### WHAT IS NEEDED
Could you retype, exactly and with no pictures, only the lines from the first line of the records below through the line that contains "冷水でも溶けやすい粉末タイプ"?

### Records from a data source
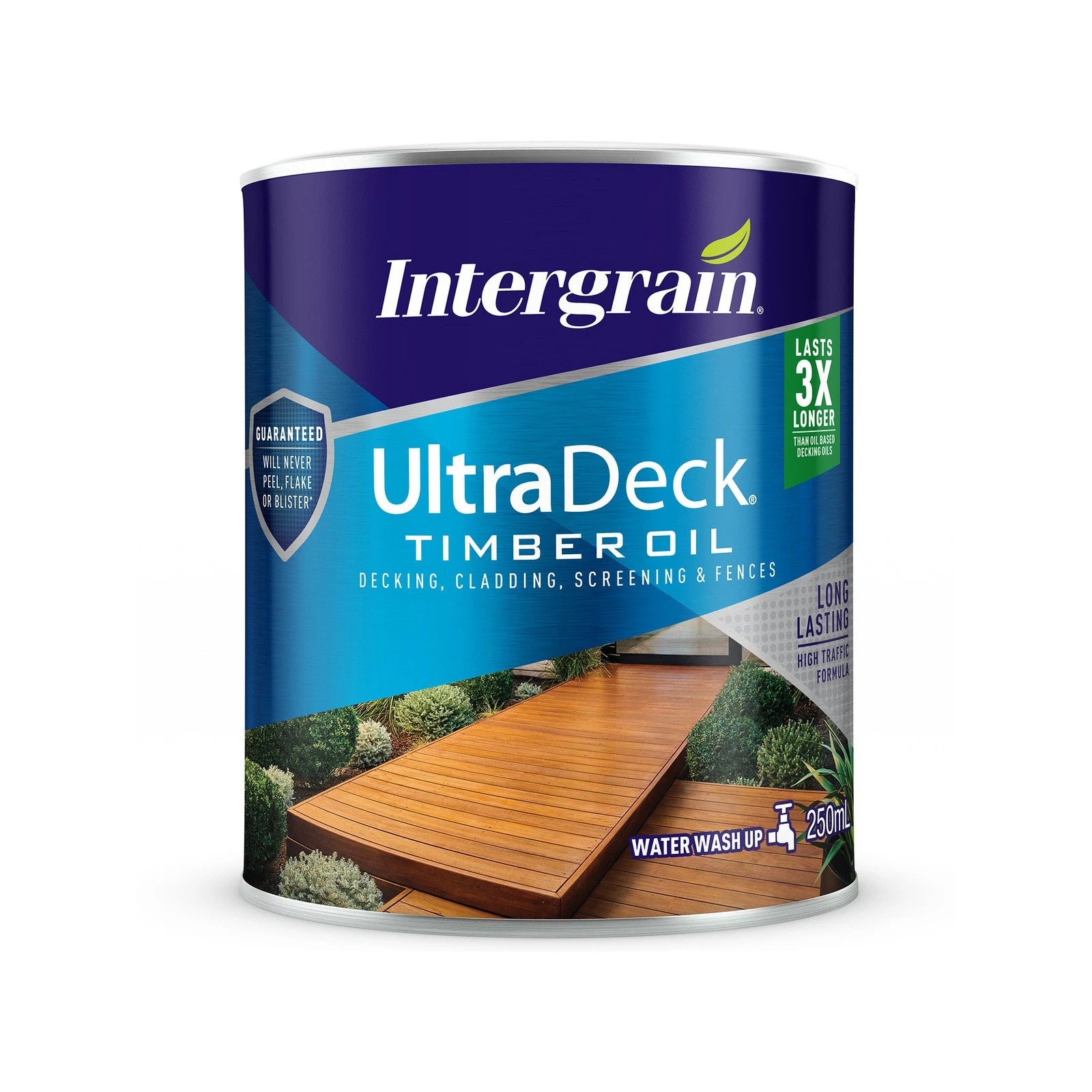 Includes 1 x 250ml bottle of Intergrain UltraDeck Timber Oil in Merbau.
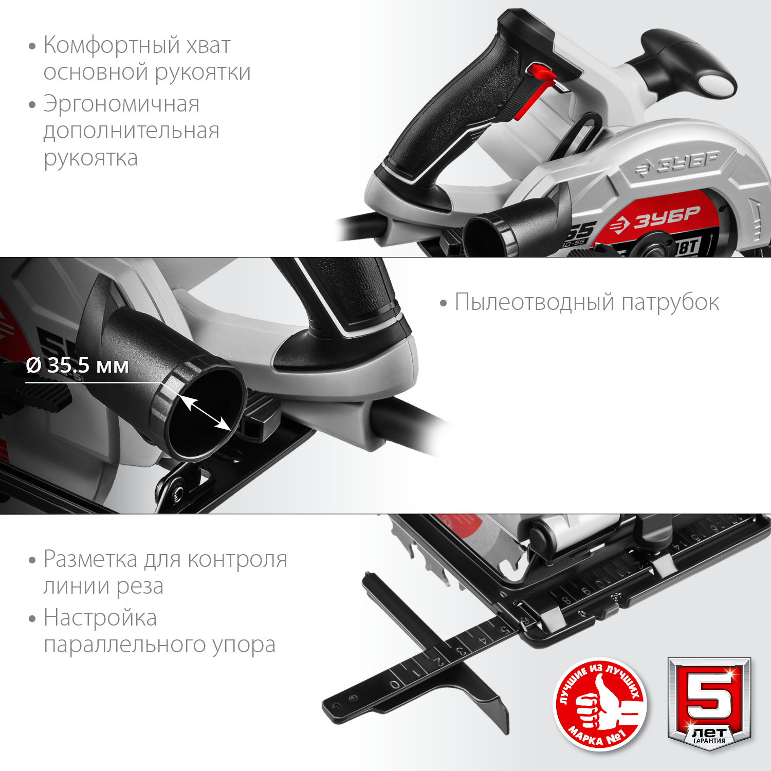 Пила дисковая ЗУБР ПД-55, предназначена для распиловочных работ по дереву и иным материалам (при установке соответствующего диска) под различными углами, а также под наклоном. Имеет небольшой вес, очень компактный с увеличенной мощностью. Двигатель с запасом мощности и редуктор с увеличенным передаточным числом обеспечивают большую производительность и надежность. Диск с твердосплавными напайками и оптимальным количеством зубьев для производительного пиления. Основная и дополнительная рукоятки с мягкими накладками и естественной эргономикой. Усовершенствованная конструкция и точность пиления, современный дизайн и удобство в работе, улучшенные параметры и безопасность оператора являются основой качественного и легкого пиления.
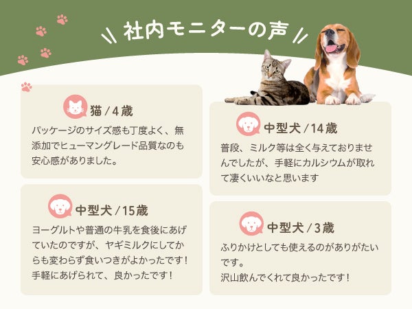 冷水でも溶けやすい粉末タイプで、与え方は自由自在。フードへのトッピング、水分補給、手作りおやつの材料など、日常のあらゆるシーンで“ごほうびミルク”として活用できます。
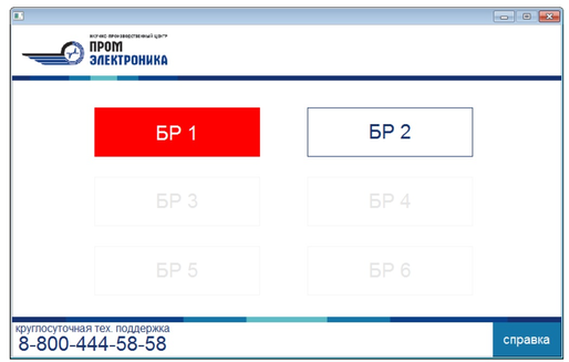 При включении питания постовой терминал ПТ переходит на стартовый экран. Максимальное число подключаемых к ПТ блоков решающих БР – 6. На стартовом экране содержится шесть кнопок, с помощью которых осуществляется просмотр данных каждого БР. Если БР имеет отказ, то кнопка БР горит красным цветом. Не подключённые БР к постовому терминалу ПТ или не имеющие связи с ним – неактивны. Рисунок стартового экрана приведён на рисунке 2.7 [4].
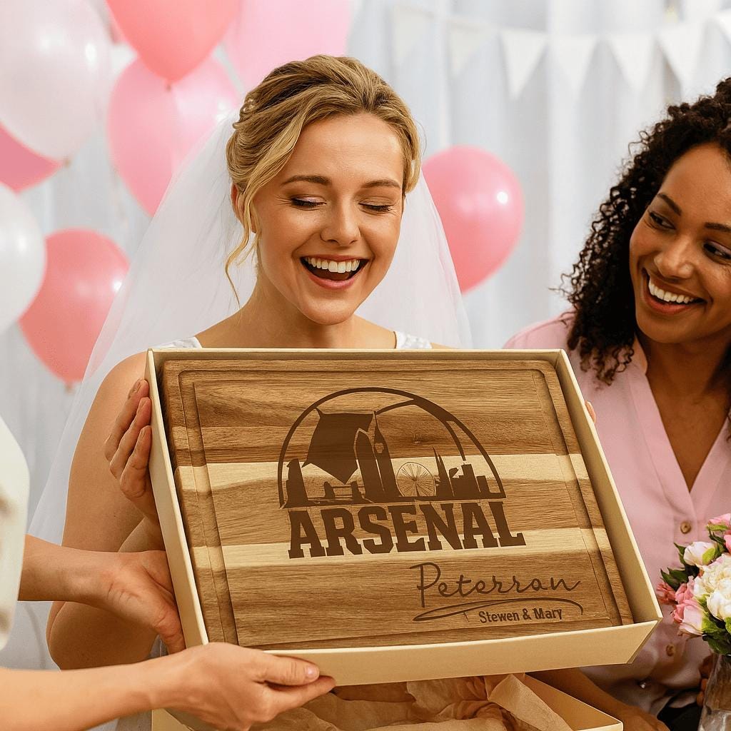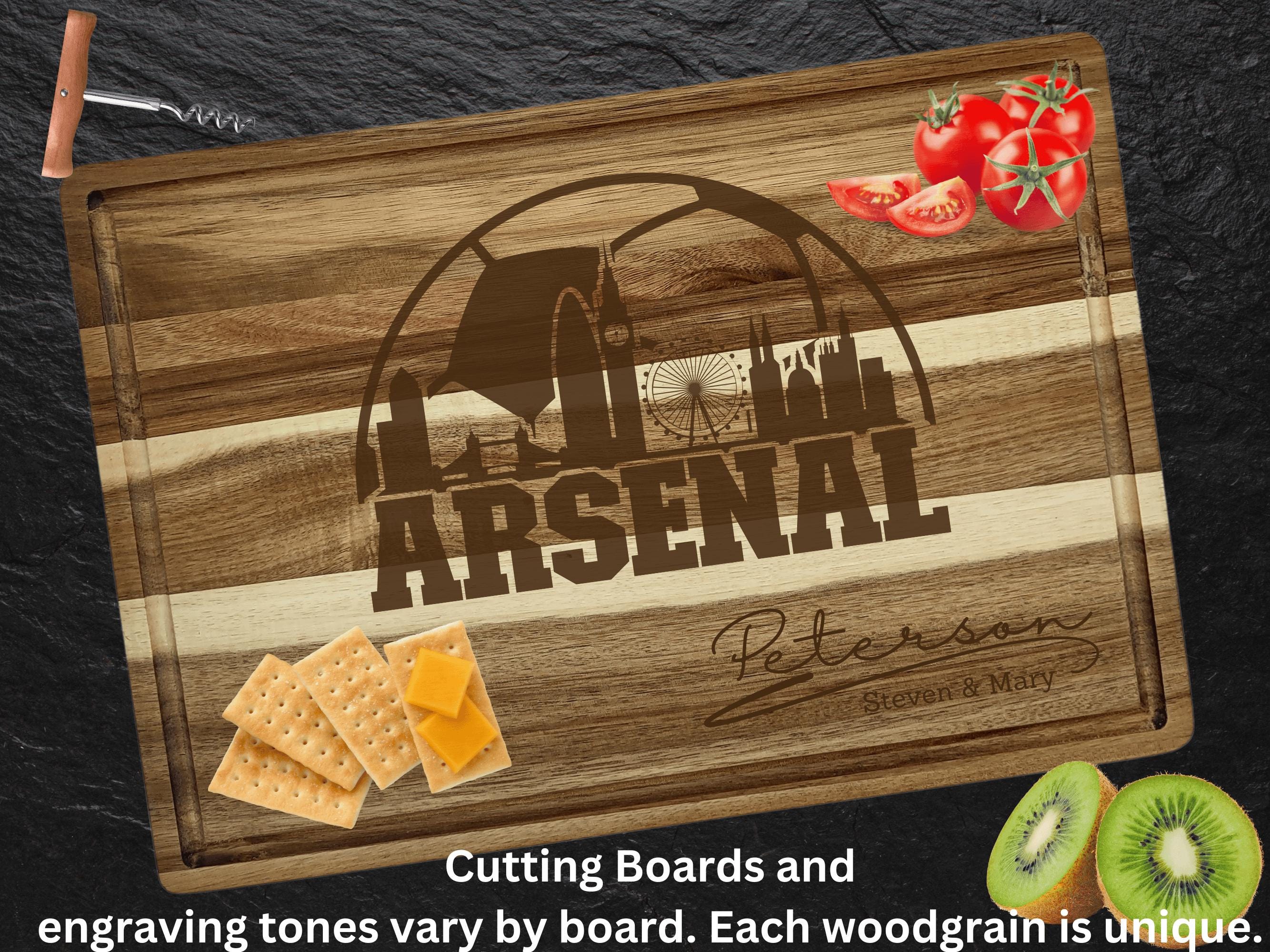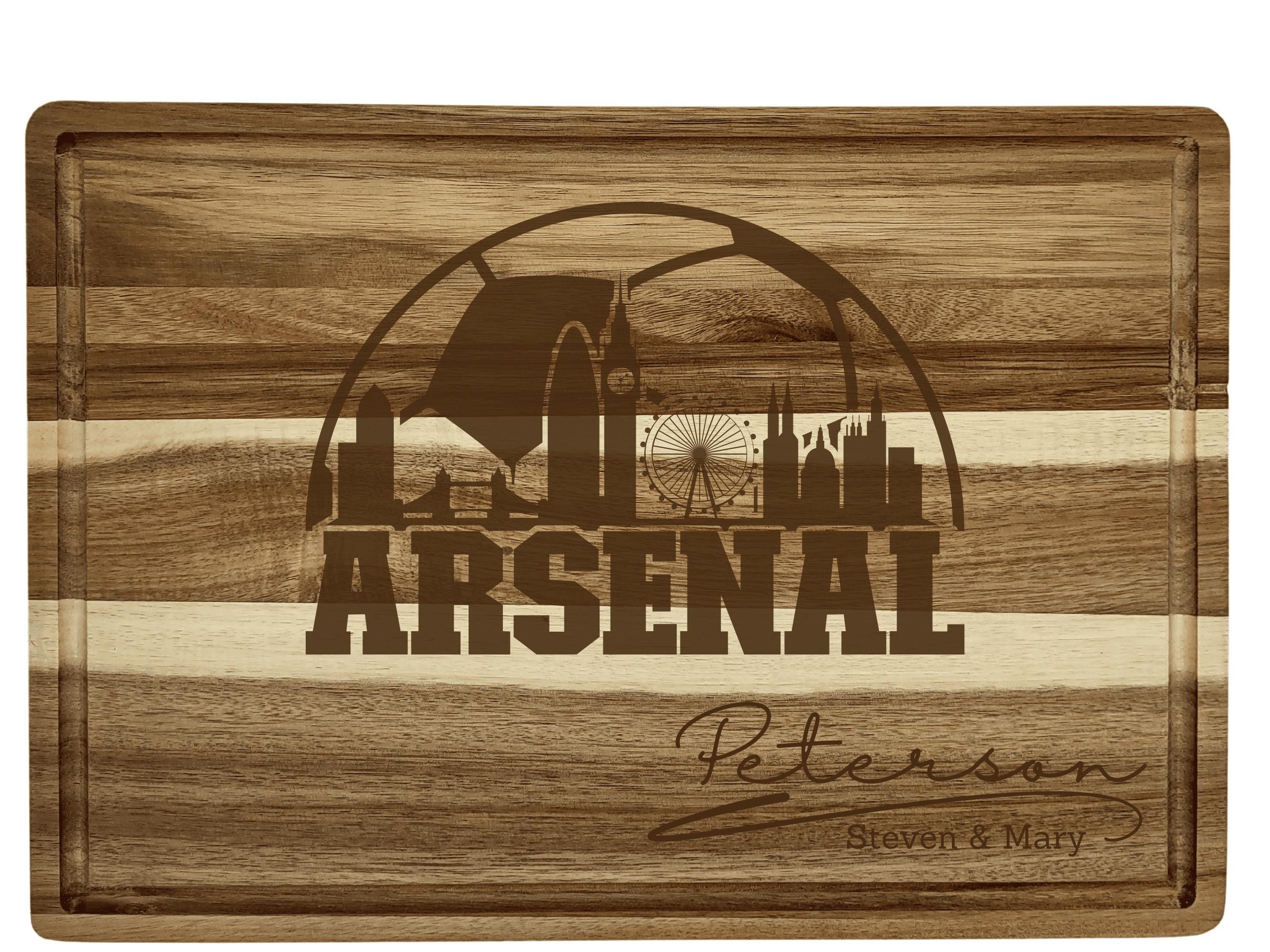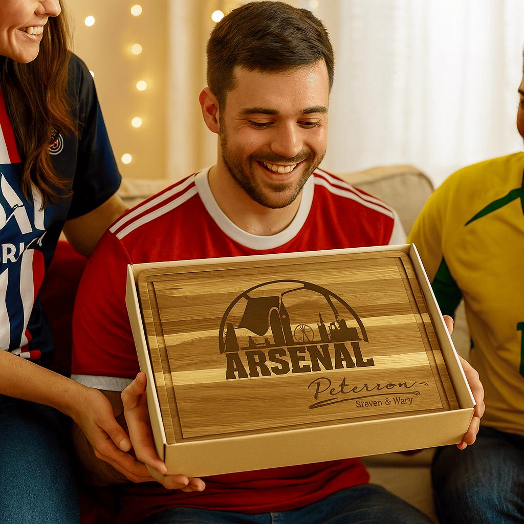 Looking for the perfect gift for an Arsenal FC fan? This personalized acacia wood cutting board combines craftsmanship, functionality, and football pride in one unforgettable keepsake. Whether it’s for everyday use, a game-day snack spread, or a Premier League watch party, this engraved board makes a standout addition to any kitchen or fan cave.
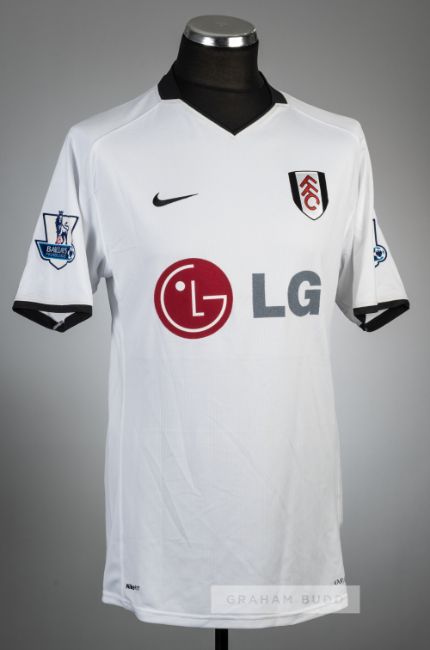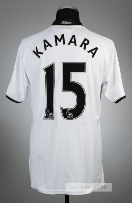 Diomansy Kamara white Fulham no.15 home jersey, season 2008-09,Nike, short-sleeved with BARCLAYS PREMIER LEAGUE sleeve badges, club crest and sponsor logo, reverse lettered KAMARA, size
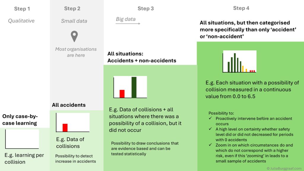 Step 4: The organisation records data for each accident ánd for each ‘non-accident’ like in step 3, but instead of measuring these binairy (‘accident’ or ‘non-accident’), it is measured in more categories. The smallest upgrade is to go to 3 categories like ‘accident’, ‘near miss’ and ‘non-accident’. The highest level is to measure the situation in a continuous numerical value. For example each red aspect approach can be measured in terms of maximum Deceleration to SPAD (mDtSPAD) in a required deceleration value (m/s).
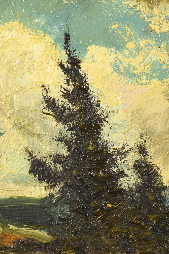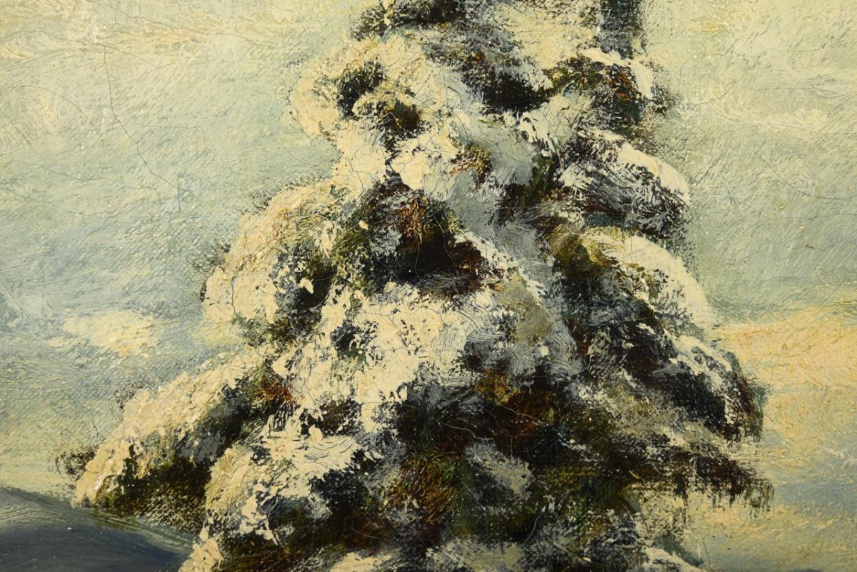 Snowy mountain landscape with fir tree and stream in the forest with sunlight streaming in and fir trees on a peak with a view over the landscape. Slight traces of age.

### SOLUTION
 Includes 1 x 250ml bottle of Intergrain UltraDeck Timber Oil in Merbau.
 Пила дисковая ЗУБР ПД-55, предназначена для распиловочных работ по дереву и иным материалам (при установке соответствующего диска) под различными углами, а также под наклоном. Имеет небольшой вес, очень компактный с увеличенной мощностью. Двигатель с запасом мощности и редуктор с увеличенным передаточным числом обеспечивают большую производительность и надежность. Диск с твердосплавными напайками и оптимальным количеством зубьев для производительного пиления. Основная и дополнительная рукоятки с мягкими накладками и естественной эргономикой. Усовершенствованная конструкция и точность пиления, современный дизайн и удобство в работе, улучшенные параметры и безопасность оператора являются основой качественного и легкого пиления.
 冷水でも溶けやすい粉末タイプで、与え方は自由自在。フードへのトッピング、水分補給、手作りおやつの材料など、日常のあらゆるシーンで“ごほうびミルク”として活用できます。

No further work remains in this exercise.